Textile Art

Three Textile Artists you should know about

El Anatusi | Judith Scott | Benjamin Shine

Textiles have existed as an art form for a LOOOONG time. Think of tapestries in castles and intricate embroidery on frocks from hundreds of years ago.

Contemporary textiles push boundaries, challenge assumptions and intrigue viewers, and while there are many, many brilliant textile artists, I believe these are three you need to know about.

Benjamin Shine

Working with tulle, Shine bunches and then irons layers and layers of fabric to create ethereal faces and forms. He’s collaborated with some of the world’s leading fashion brands, including Givenchy, Bergdorf Goodman and Beyonce.

“Created in collaboration with John Galliano for Maison Margiela, black tulle lining from inside the white trench coat escapes from the back seam, flowing around the body to reveal an intricately formed face.” –¬†benjaminshine.com/project-03/

He sculpts with fabric, in a painstaking process that is only made possible because of the intrinsic nature of the tulle he uses.

Find out more about Shine here 

Judith Scott

Scott’s work was instinctive – she wrapped almost every object she could get her hands on with a huge variety of threads, creating the pieces that became her voice.

Her work can appear somewhat haphazard at first glance, but when you look closer you start to see patterns and colour themes emerging. She was wildly creative and uninhibited by the original use of the objects she wrapped, completely transforming simple materials into complex and otherworldly creations.

Oh, and she was profoundly disabled.

She was born in the 1940’s with Down Syndrome and became deaf after a childhood illness, although her deafness remained undiagnosed until many years later. When she was 7 she was placed in an institution, and she remained there until her twin Joyce managed to obtain legal guardianship 35 years later.
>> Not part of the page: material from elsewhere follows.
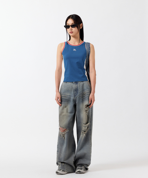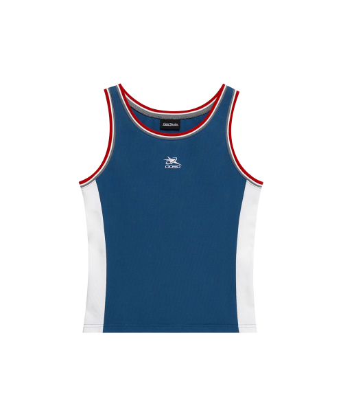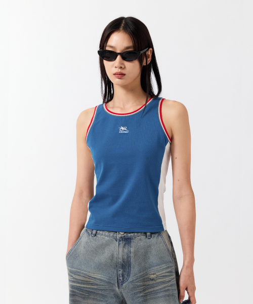 스포티 컬러블록 슬리브리스 - BLUE / WHITE
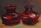 A new 5x7 unframed oil on panel antiques still life by Texas artist Patrick Pence. I wanted to capture the ruby red colors on the vases. Ready to ship!

Joyce enrolled Judith in a creative arts program, where she was encouraged to explore her talent and discovered her passion for thread.

Find out more about Judith here


El Anatusi

If you haven’t seen Anatusi’s works then you’re missing out.

He’s best known for his shimmering textile-like ‘woven’ works, constructed from thousands of discarded bottle caps and wire.

These large-scale pieces are ‘hung’ from gallery walls and they have a fabric-like drape, even though they are constructed from what are normally considered hard and inflexible objects.

He himself says that his work defies categorisation, and an intrinsic part of his practice is that his works take on new forms, every time they are hung. He has even covered buildings with them.